I understand that by default, Saxon doesn't support DOM that isn't namespace-aware, but I thought it would be worth suggesting and getting your comments :)

The alternative is I parse the XML document, add the namespaces by manipulating the structure, and recreate a namespace-aware DOM from the manipulated one. But I'm wary of the performance implications of doing this

Actions #7

Updated by Dan Jones over 9 years ago

I also don't mind having a go at implementing it if someone agrees it's a good idea.

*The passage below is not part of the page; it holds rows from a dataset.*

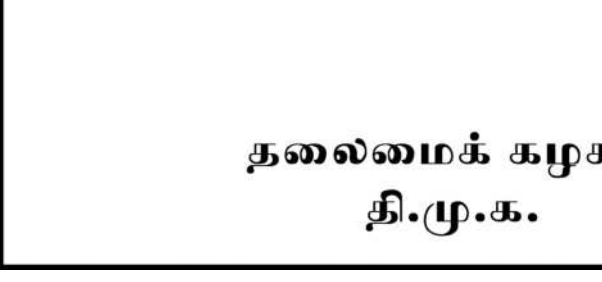
தலைமைக் கழகம் தி.மு.க.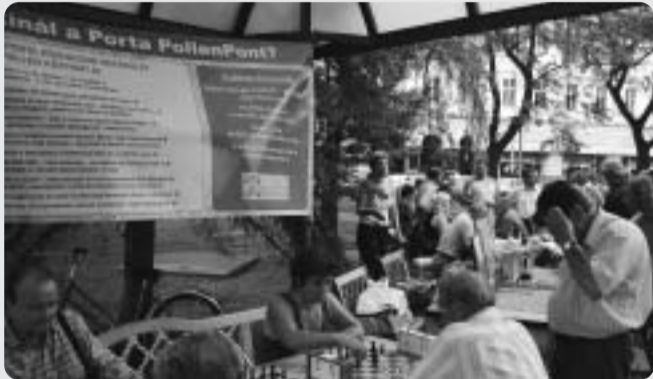
Hévígyi versenyek a Sugár György emlékparkban

Egyértelműen látszik, hogy a Kodály Fesztivál egy szűkebb közönséget érdekel, de ez a rendezvény olyan komoly értéket képvisel, amelyre méltán lehet büszke városunk. Így mindenképp folytatni, öregbíteni kell a fesztivál hagyományát. Míg a közösségi, szórakoztató programokon elsősorban kecskeméti és a környező településekről érkező vendégek vesznek részt, addig a Kodály Fesztivál rendezvényeire nagyon sok külföldi utazik városunkba. Arra kell törekednünk, hogy minden évben megteremtsük a tökéletes arányt, összhangot a környezethez és a rétegigényt kiszolgáló programok között, így mindenki megtalálhassa számításait a híres városban. Bizonyosodott, hogy a fesztiváli programok nagy közönséget vonzanak, bátran lehet építeni ezekre. Ha pedig tovább finomítjuk, erősítjük ezt a vonalat, akkor a kulturális idegenforgalom akár húzóágazata is lehet a városnak.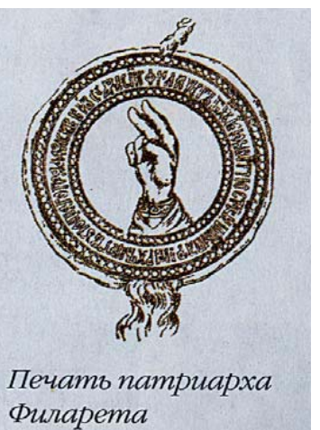
Печать патриарха Филарета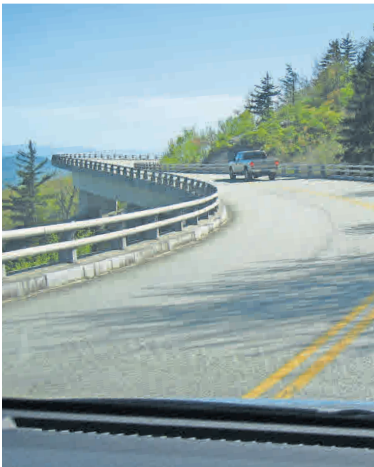
Fehler beim Autofahren im Ausland können teuer werden.

Seit 2010 dürfen Bußgelder aus den EU-Ländern in Deutschland eingetrieben werden

However I understand you may not want this feature, in which case I'll see if my alternative isn't too performance-intensive

Actions #8

Updated by Michael Kay over 9 years ago

The XDM specification allows you to construct an XDM instance any way you like, so it's hard to argue that what you are proposing would be non-conformant; on the other hand, it's certainly an invention of your own and not an implementation of any known spec. It would therefore need very careful specification work and a large number of test cases, all of which would be a lot more work than implementing the code. I don't think it's something we would want to support in Saxon: we have quite enough problems with DOM interfaces as it is.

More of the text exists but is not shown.